Interestingly, the famous Swiss psychiatrist Carl Jung studied dreams and theorized on the connection between dreams and spirituality. Through his influence, Wolfgang Pauli, the great quantum physicist who went to Jung for treatment of depression, also took dreams very seriously. In collaboration with Jung, Pauli sought to bridge the gap between matter and spirit through scientific means. Referring to Plato, they felt that this gap could only be bridged through the application of Eros, or “intense yearning for spirit,” and not just with a dispassionate objective search. In their view a philosopher should have the same passion for truth as a lover has for his or her beloved. Eros, according to Plato, is necessary to get to the transcendental realm of essences beyond time and space. In its fullest expression, Plato’s Eros is the conjugal union between the soul and the absolute, which is the sum of all transcendent qualities like beauty, goodness, etc.
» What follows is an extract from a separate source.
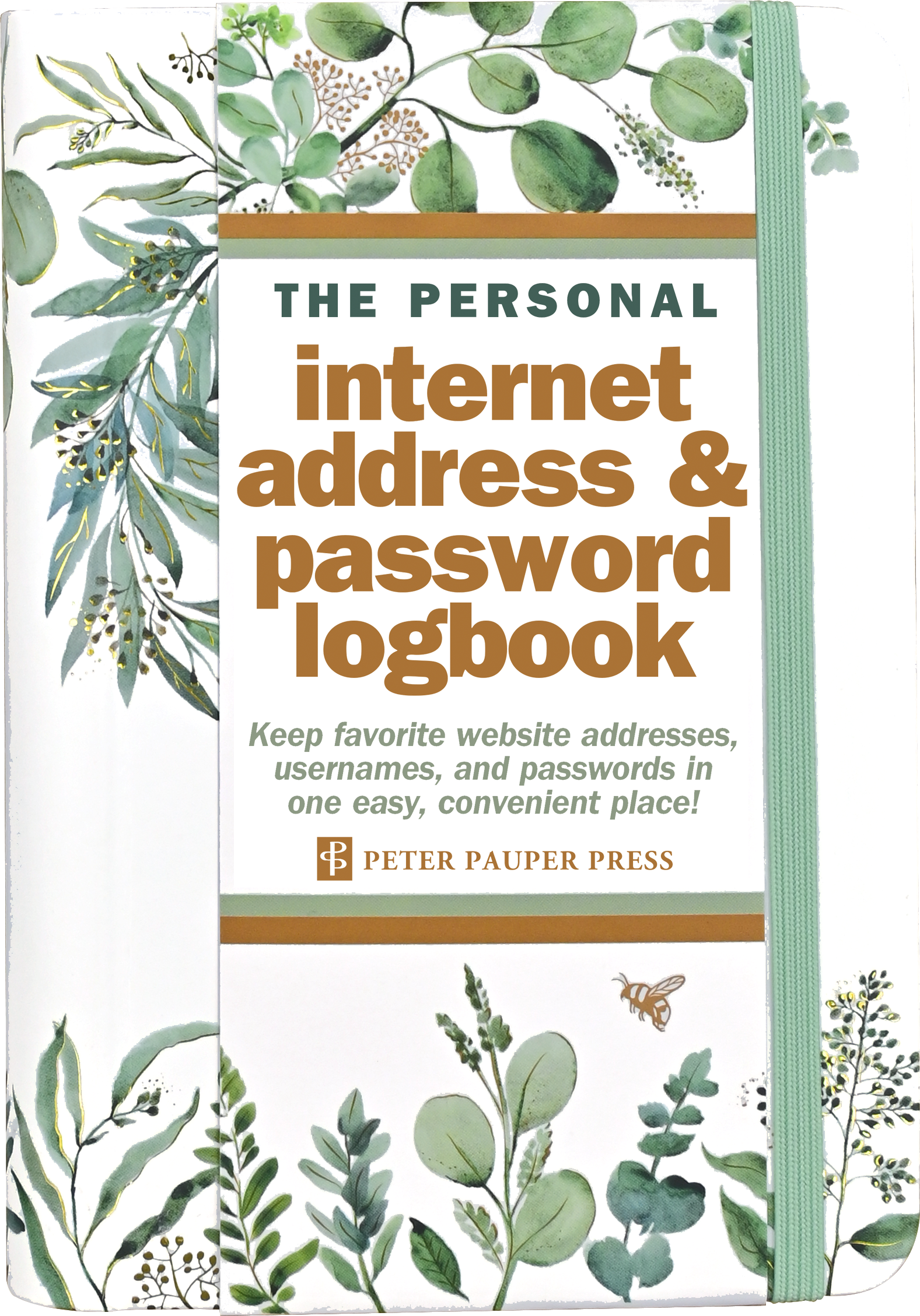 Tired of losing track of the websites you visit, along with their usernames and passwords? Now you can keep them all in one convenient place! This time- and headache-saving little volume is organized with tabbed A to Z pages, with space on each page to write down websites, usernames, passwords, and extra information. You'll also find pages in the back to make notes about home network configurations, software license numbers, etc. Removable cover band / label keeps logbook discreet. Matching elastic closure keeps your place or keeps logbook closed. Our Eucalyptus design features fresh watercolor greenery and a honeybee in flight, and is embossed and embellished with gold foil. Logbook makes an attractive and practical accessory for home or office. Concealed wire-o binding. Logbook measures 4-1/4'' wide x 5-3/4'' high. 144 pages. Matches Peter Pauper Press's other Eucalyptus gifts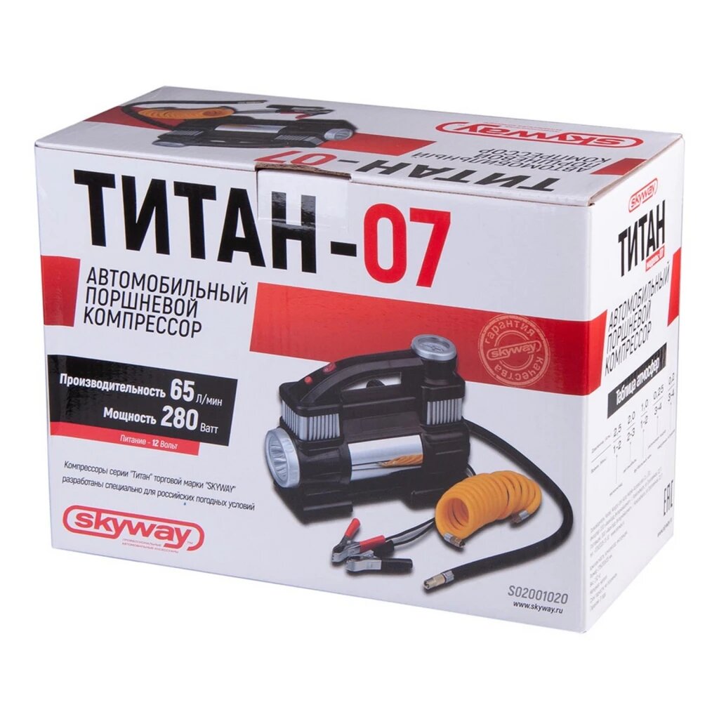 Компрессор (65 л/мин) 10 Атм "SKYWAY" Титан-07 (с крокодилами, с фонарем) SKYWAY S02001020 | цена за 1 шт

Jung and Pauli were likely referring to a transcendent ideal akin to what we discuss as impersonal realization. However, Plato’s idea of Eros could also be seen as corresponding to the Gaudiya concept of lobha, or sacred greed, which is the qualification for embarking on the path of spontaneous devotion—raganuga-bhakti. In the Gaudiya view, the absolute is Krishna, who is the repository of all transcendent qualities. Love of Krishna is most fully expressed in the person of Sri Caitanya Mahaprabhu. He is the embodiment of conjugal love of God and through devotion to him we can share in his experience of divine truth, beauty, and love. According to scripture that experience is truly beyond our wildest dreams.